Kemudian, terjadilah kecintaan terhadap produk yang dihasilkan pengrajin lokal. Akhirnya saat kuliah, ia mencoba menjual kain songket.
Ia menawarkan untuk mengirimkan tiket kepada teman-temannya dan mendapat respon yang positif. Namun, dia harus berhenti berjualan setelah lulus dari universitas.
Ini karena kurangnya minat penjualan dan ketidaksesuaian antara karet gelang yang dipilih antara dia dan ibunya.
Ia menjelaskan: “Setelah lulus kuliah, kami tidak lagi terus berjualan. Karena sudah tidak terlalu laku, dan rasanya lesu, penjualan, apalagi songket butuh waktu, kadang orang akan membeli model yang berbeda.”
Alhasil, Angela memutar otak untuk mencari peluang yang bisa ia manfaatkan. Ia pun mendapat inspirasi dari tas rotan yang digunakan penyanyi Raisa.
Dari situ, ia akhirnya berusaha mencari pengrajin lokal yang mau bekerja sama dalam produksi tas rotan. Alhasil, ia resmi merilis produk bernama “Tangan Rantau” pada 2017 lalu.
Tangan Rantau menjual berbagai produk kerajinan lokal yang dibuat dengan bahan alami, seperti rotan, daun pandan hingga daun eceng gondok.
Lulusan sekolah chef ini mengaku menghabiskan Rp 1 juta untuk bisnis ini. Dia menarik pengrajin lokal untuk bekerja dengannya.

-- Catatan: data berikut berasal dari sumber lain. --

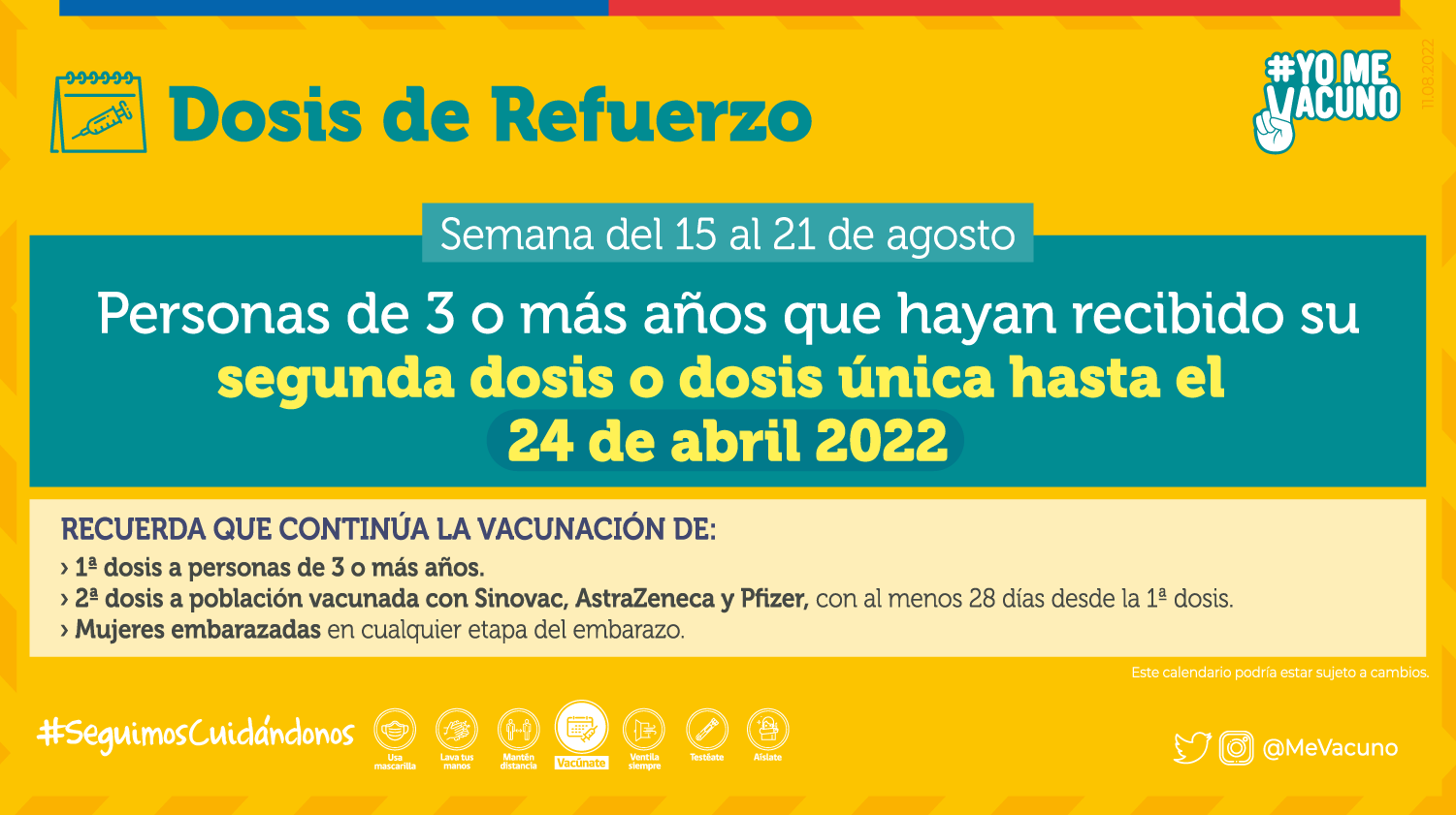 Comenzamos con el calendario de la dosis de refuerzo. Donde esta semana les corresponde recibirla a las personas de 3 años o más que hayan completado su proceso de vacunación (dosis única o dos dosis) hasta el pasado 24 de abril del 2022.

Dia menjelaskan: “Saya melihatnya bekerja dengan pengrajin lokal. Kami bisa tumbuh bersama, hidup bersama, dan bahagia karena kami punya penghasilan. Dana pertama adalah 1 juta rupiah untuk membeli produk tersebut.”
Selain itu, ia mengungkapkan bahwa bisnisnya belum sepenuhnya beroperasi dengan dukungan. Alasannya, ayahnya tidak setuju dengan pilihan Angel. Namun hal tersebut ia buktikan melalui keberhasilannya mendirikan bisnis di Pulau Lantau.
Dia berkata: “Ibu saya sudah terbiasa, bukan? Apakah Anda berguna bagi ayah saya? Mengapa menurut Anda menarik. Tapi saya bisa menjelaskan bahwa ini adalah produk lucu yang digunakan oleh anak muda, dan banyak orang tidak mengerti. “Penjelasan.
Hasilnya, ia kini mampu mempekerjakan hingga puluhan pengrajin dan tujuh karyawan, dengan omset bulanan hingga Rp 18 juta. Padahal, produknya sudah sampai ke nusantara.
Katanya: “Bisa mencapai Rp 18 juta per bulan. Kami juga sudah jual ke Timika di Aceh.”
Di saat yang sama, dia berencana membangun toko di masa depan untuk menjual produknya secara offline dan ekspor. Sementara itu, produk yang dijual di Tanzania dan Lantau dijual mulai dari Rp35.000 hingga Rp600.000.